Mike and Dave Need Wedding Dates
Director: Jake Szymanski
Writers: Andrew Jay Cohen, Brendan O’Brien
Stars: Zac Efron, Adam Devine, Anna Kendrick
Duration: 98 mins
Class: 15
KRS Releasing Ltd

Mike (Adam Devine) and Dave’s (Zac Efron) younger sister, Jeanie Stangle (Sugar Lyn Beard), is getting married. Given the brothers’ penchant for causing all sorts of disasters at family dos, they are ordered by their parents (Stephanie Faracy and Stephen Root) to bring respectable dates to the wedding, which is taking place in Hawaii.

So the two put out an ad on Craigslist, which is answered by many women; but the brothers choose best friends, Alice (Anna Kendrick) and Tatiana (Aubrey Plaza)… who, it transpires, are anything but the sweet, harmless, nice girls they pretend to be.

Why the Stangle parents believe that bringing dates (or in this case, random strangers) to a wedding should result in proper behaviour from their highly immature sons is never explained.

What saves the film from being yet another ‘bromantic’ comedy in which adult males refuse to grow up and the women are mere props (which, from the premise seems to be their only true function here – and the camera does ogle them a bit too much) is the fact that the women in question are almost equally as bad in their behaviour. And, quite frankly, they very easily steal the show in the process.

That you don’t completely dislike the characters is down to the performances of the main ones

If the premise sounds a little shallow, you may be intrigued to know that Mike and Dave Need Wedding Dates is actually based on a true story (sort of).

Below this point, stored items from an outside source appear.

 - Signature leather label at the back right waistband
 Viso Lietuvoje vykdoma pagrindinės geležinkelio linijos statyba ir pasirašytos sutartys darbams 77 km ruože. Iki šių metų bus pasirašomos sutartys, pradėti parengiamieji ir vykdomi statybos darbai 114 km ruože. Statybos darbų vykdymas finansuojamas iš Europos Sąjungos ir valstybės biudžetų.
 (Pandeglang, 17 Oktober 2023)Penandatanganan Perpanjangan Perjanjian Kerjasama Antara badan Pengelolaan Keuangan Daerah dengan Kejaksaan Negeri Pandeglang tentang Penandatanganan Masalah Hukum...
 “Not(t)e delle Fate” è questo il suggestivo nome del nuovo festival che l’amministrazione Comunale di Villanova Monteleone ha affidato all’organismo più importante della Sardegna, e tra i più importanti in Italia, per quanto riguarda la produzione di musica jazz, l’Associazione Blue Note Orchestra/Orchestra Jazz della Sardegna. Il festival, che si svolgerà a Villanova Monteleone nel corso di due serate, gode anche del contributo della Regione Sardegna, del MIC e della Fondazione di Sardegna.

And that the real Stangle brothers actually did take out an ad in which they describe themselves as “in our 20s, single, dashingly tall, Anglo-Saxon, respectfully athletic, love to party, completely house-trained, relaxed, passionate, smell great, have cool hair, clean up nice, boast great tie collections, will promise to shave, love our mother, have seen Love Actually several times, controversial, provocative, short-sighted (with a big picture mentality), raw, emotional, sensitive but still bad boys...” Hardly surprising the response was so overwhelming…

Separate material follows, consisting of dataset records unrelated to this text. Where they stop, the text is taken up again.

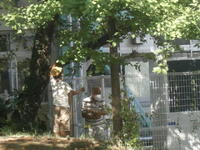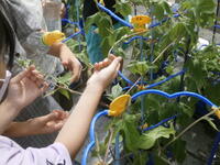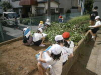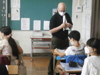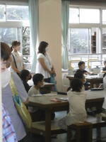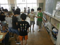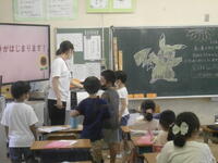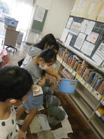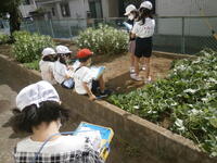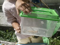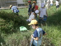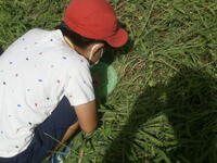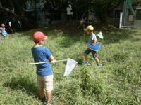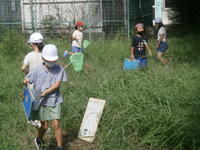また2年生のほかのクラスは、虫取りに挑戦です。中庭には、池にはカエル、草むらにはバッタやカマキリ、蝶などいろいろな生き物がいます。捕まえて観察した後は、逃がしてあげています。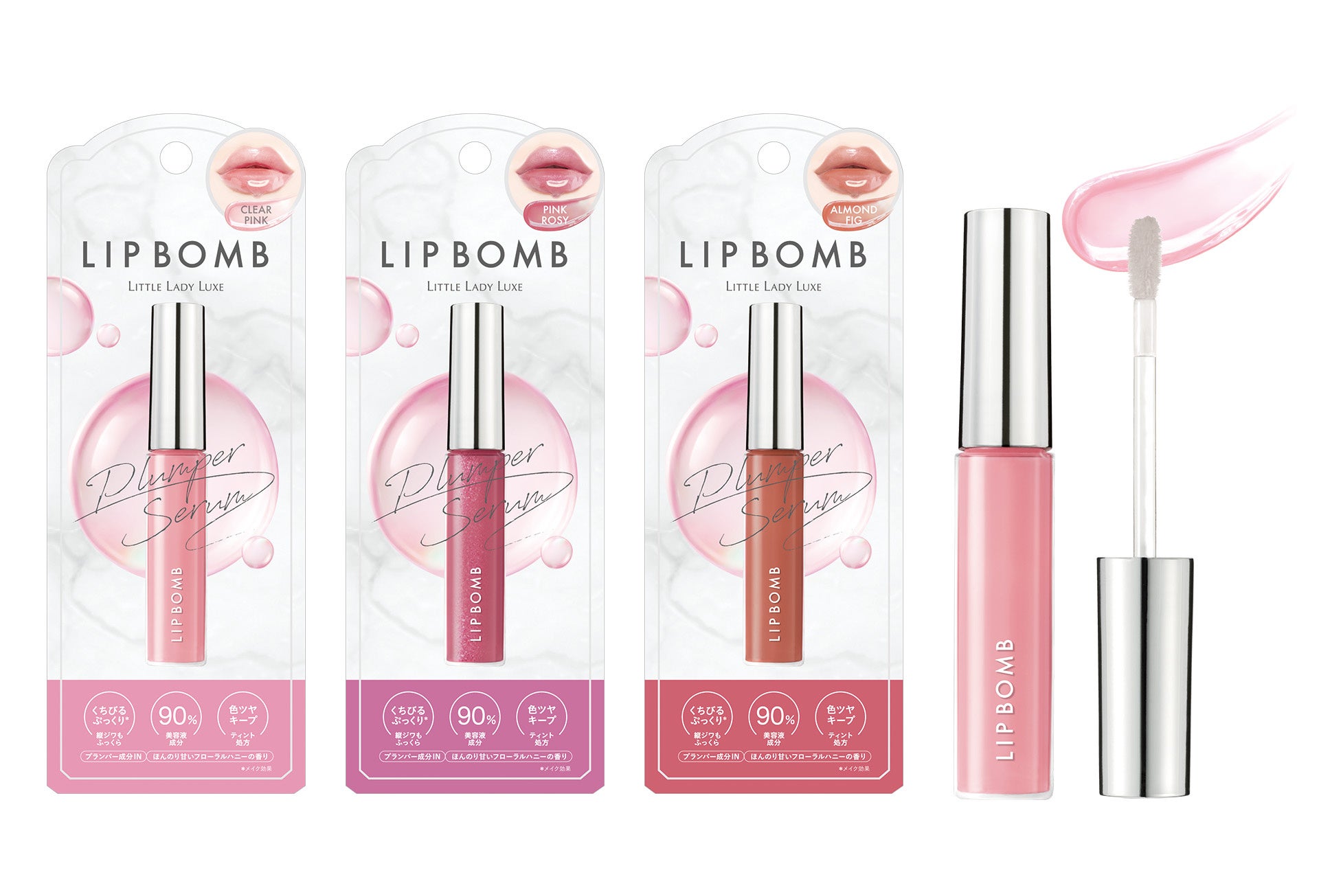 リップボム プランパーセラム <リップグロス> 左から 01 クリアピンク、02 ピンクロージー、03 アーモンドフィグ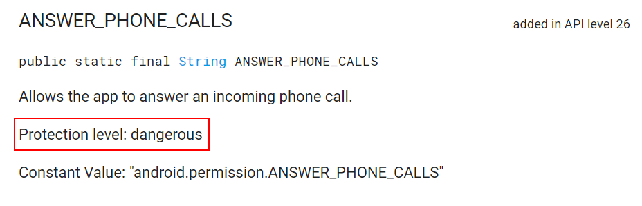For Android 8+ device, I just insert the permission "android.permission.ANSWER_PHONE_CALLS" in Manifest file . Is it right ? ( no need Runtime Permission )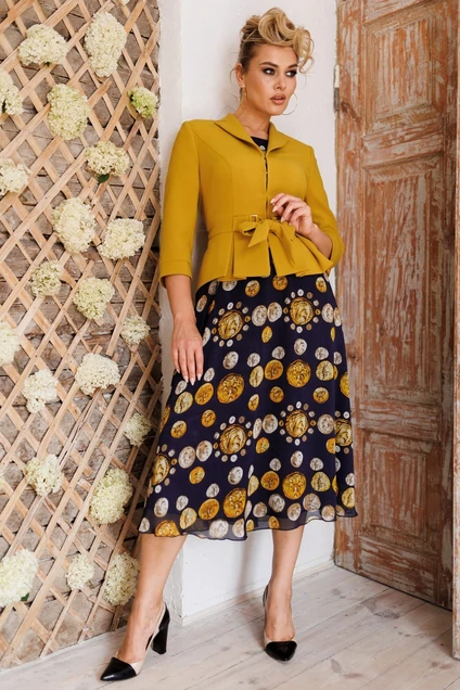 Костьм с платьем 2513-3 горчица + монеты Мода-Юрс

This being America (well, that being America…) the ad made the news, the boys went on to write a book, and a movie deal followed. However, as penned by Andrew Jay Cohen and Brendan O’Brien, the resultant brothers do not quite fit the above description. The boyish charm inferred from the above advert is substituted with the sort of specimen that normally populates this kind of movie – one-dimensional frat boy types that fall into the trap of clichéd sex, drug, and alcohol-based humour, foul language, and a series of raunchy gags in place of a narrative.

There are moments of sporadic humour – I admit I laughed when a stunt with a quad bike in the lush park where the Jurassic Park movie was set goes horribly wrong. The brothers’ lesbian cousin Terry’s flirting with Tatiana, although at times rather graphic, does raise a giggle. But many of the other gags just fall flat and, a scene where Jeanie gets a massage with a ‘happy ending’, does go on way too long.

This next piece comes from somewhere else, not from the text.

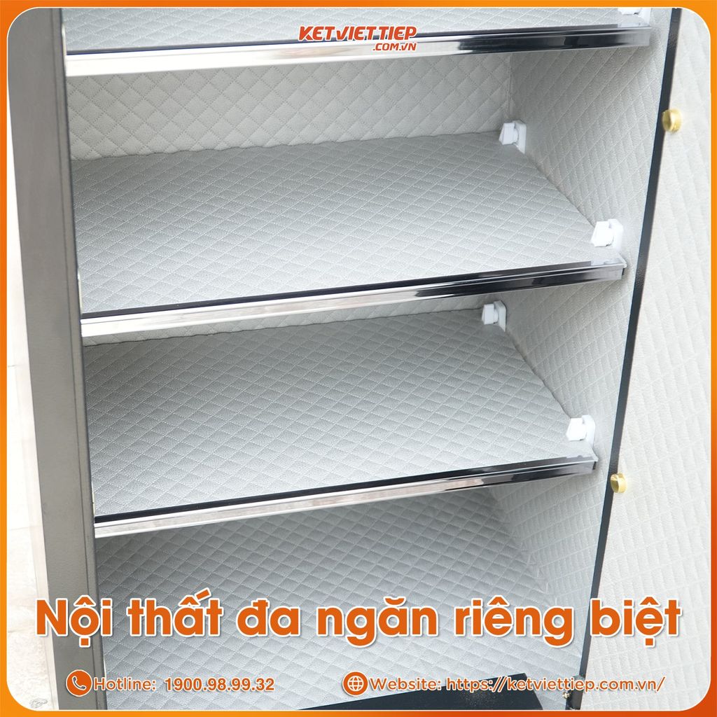 Nội thất: Bọc nỉ kim cương cao cấp, chia ngăn tiện lợi, có ngăn kéo riêng, giúp chống trầy xước và bảo vệ trang sức, giấy tờ, vàng bạc tinh tế, sang trọng.

That you don’t completely dislike the characters is down to the performances of the main ones, especially Efron, Kendrick and Plaza, who mine as much as they can from the material. Efron has successfully moved away from the teen movies that made his name via some solid dramatic roles.

Thanks to the two Bad Neighbours movies he has shown some considerable comedy chops, while still pandering to the audience that made his name by, as per usual, removing his shirt at a couple of points.

He shares some perfect chemistry with Kendrick, who raises much of the giggles with her lovelorn Alice, who is still suffering the after effects of being jilted at the altar and drowns her sorrows by consuming copious amounts of alcohol and engaging in kooky and bizarre behaviour.

Aubrey Plaza is a revelation. Her Tatiana is droll, dry and deadly in attitude and performance. She gives as good as she gets and easily walks away with most scenes she is in. Of the foursome, the weakest link is Adam Devine’s Mike, saddled with the typical arrested development 20-something role whose performance adds up to little more than mugging at the camera.